As a consequence of a debate I had with some colleagues on the way home, I’m writing an article about how time is told here in Norway, since it felt weird at the beginning, considering my Romanian background.

It all started with the fact that when they say ‘Half three’ for example, it doesn’t mean half past three, it means half to three. Unlike in Romanian or in English, where a half defines the time that has passed since the 00, and not prior to that. And for extra entertainment, minutes between XX:20 and XX:40 (or maybe 15 and 45, not quite sure) are sometimes told as ‘3 minutes to half three’ meaning 2:27. It’s quite an easy trick, if you think of it, to keep your mind occupied with a bit of maths, but it always adds long pauses in the conversation between a native speaker and someone who’s learning the language, since the later stops to play a bit with numbers. Oh, and speaking of numbers, they reference the numbers between 20 and 100 as, for example, 6 and thirty (aka 36).

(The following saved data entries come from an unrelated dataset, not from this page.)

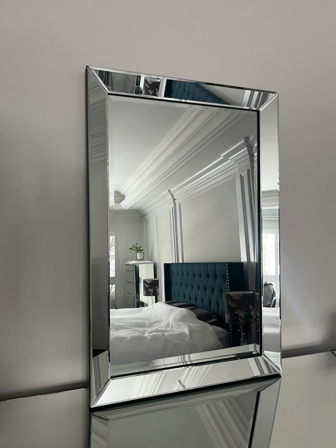 A beautiful rectangular wall mirror with a bevelled edge design. It's constructed with mirrored glass and has a classic Venetian style. This mirror is perfect for adding a touch of elegance to any room. It can be mounted on a wall for a decorative and functional piece.
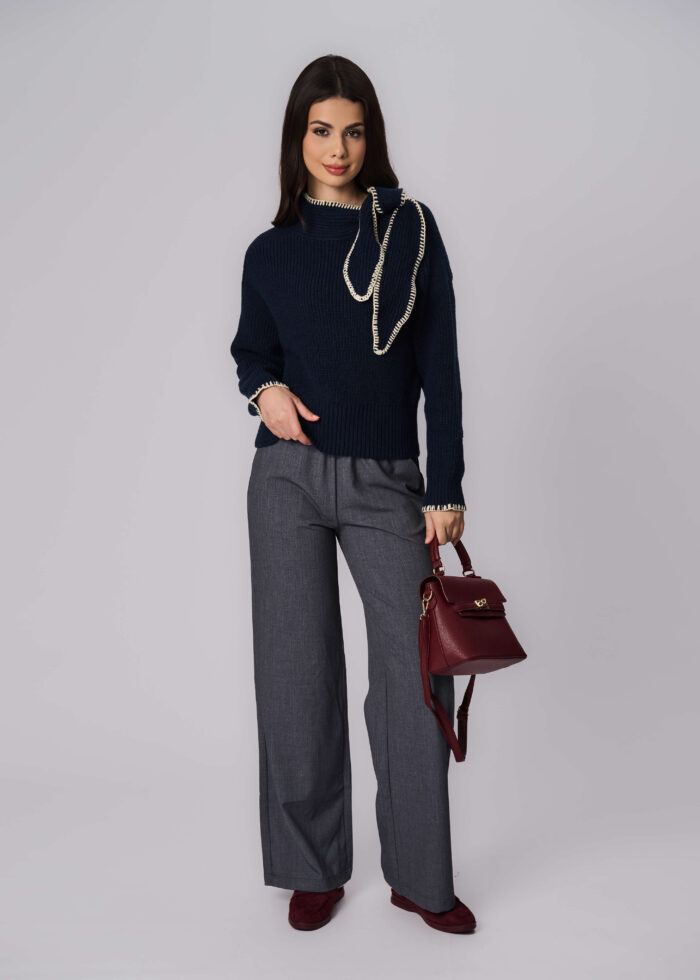 بلوزة نسائي, نسيج محبوك مخطط, ياقة مدورة مع ربطة جانبية, اكمام طويلة, انيقة ودافئة
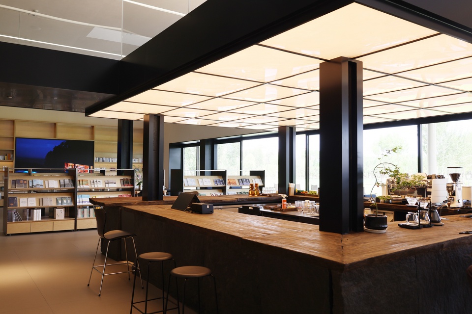 A bookstore is a cultural center and essentially a place for communication. The circular coffee bar counter is the core of the entire store, located in the center of the first floor, offering a view that combines both indoor and outdoor Spaces. The cabinet body is made of dark natural weathered stone veneer, and the countertop is made of old wooden boards. Above the island-circling bar counter, a corresponding indoor ceiling was designed and fabricated, illuminated with resin boards containing Xuan paper, and also created a unique aerial tasting area for the whisky on the second floor.

In the debate today, the example given was ‘when you say you eat half a bread, you don’t mean a bread and a half’ – a bread and a half implying the Romanian/English way where you start with the unit and add a half. But on the other hand, you started with one full bread – else it would be quite a challenge to eat half of zero bread. And from its start til its half, you ate half of it. If you come to think of it, a logic may be found in the way of rounding the positive numbers, since you round to the next higher number, hence tit might make sense to say the half left TO the next hour rather than the one which just passed. On the other hand, if you ever consider that there was a time 0, before which it was only the scary nothing, then Norwegian system fails since there can’t be a half hour prior to that.

I heard the same system is used in German language. No idea about other Germanic languages though, but just in case you ever have a time-related misunderstanding with a Thor’s descendant, don’t take it personally. Not even half of it.